Abstract

A current pursuit of the geodetic community is the optimal integration of differential GPS (DGPS) and inertial navigation system (INS) data streams for precise and efficient position and gravity vector surveying. Therein a complete INS and multiple-antenna GPS receiver payload, mounted on a moving platform, is used in conjunction with a network of ground-fixed single antenna GPS receivers. This paper presents a complete, GPS-based, external updating measurement model for the applicable Kalman filter. The model utilizes four external observation types for every GPS satellite in-view: DGPS range differences, single phase differences, and single phase-rate differences; as well as the mobile, multipleantenna GPS receiver's measurement of theerrors in the INS's estimate of the phase difference between any two vehicle-borne GPS antennae. Although not widely conveyed in the geodetic world, the inertial navigation community has long known that traditional Kalman filter covariance propagation recurrences are inherently unstable when such highly accurate external updates are repeatedly applied (every 1 second) over long time durations. A hybrid square root covariance/U — D covariance factorization approach is a numerically stable alternative and is reviewed herein.

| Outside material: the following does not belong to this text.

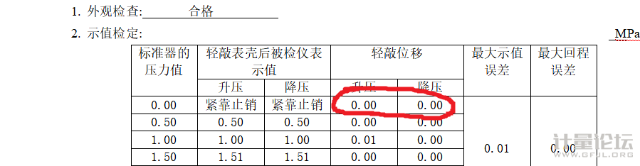 1.示值誤差是取“輕敲后被檢表的示值“與標準器的示值之差。 2.規(guī)程“輕敲前、后被檢壓力表表示值與標準器示值之差即為該檢定點的示值誤差”這句話是有誤的,2024年在修訂JJG52征求意見稿中,已經(jīng)去掉了“輕敲前”。 |

The hybrid makeup of the algorithm is necessitated by the correlated nature of the fourth type of GPS external measurement listed above (each vehicle-borne GPS antenna formstwo baselines). Such measurement correlations require a functional transformation of the overall external updating model to permit the multiple updates (simultaneously available at each updating epoch) to be sequentially (and efficiently) processed. An appropriate transformation is given. Stable covariance propagation relationships are presented and the transformed Kalman gain is also furnished and its use in the determination of the externally updated error states is discussed. Specific DGPS/INS instabilities produced by the traditional recurrences are displayed. The stable alternative method requires about 25% more CPU time than the traditional Kalman recurrences. With the ever-increasing computational speeds of microprocessors, this added CPU time is of no real concern.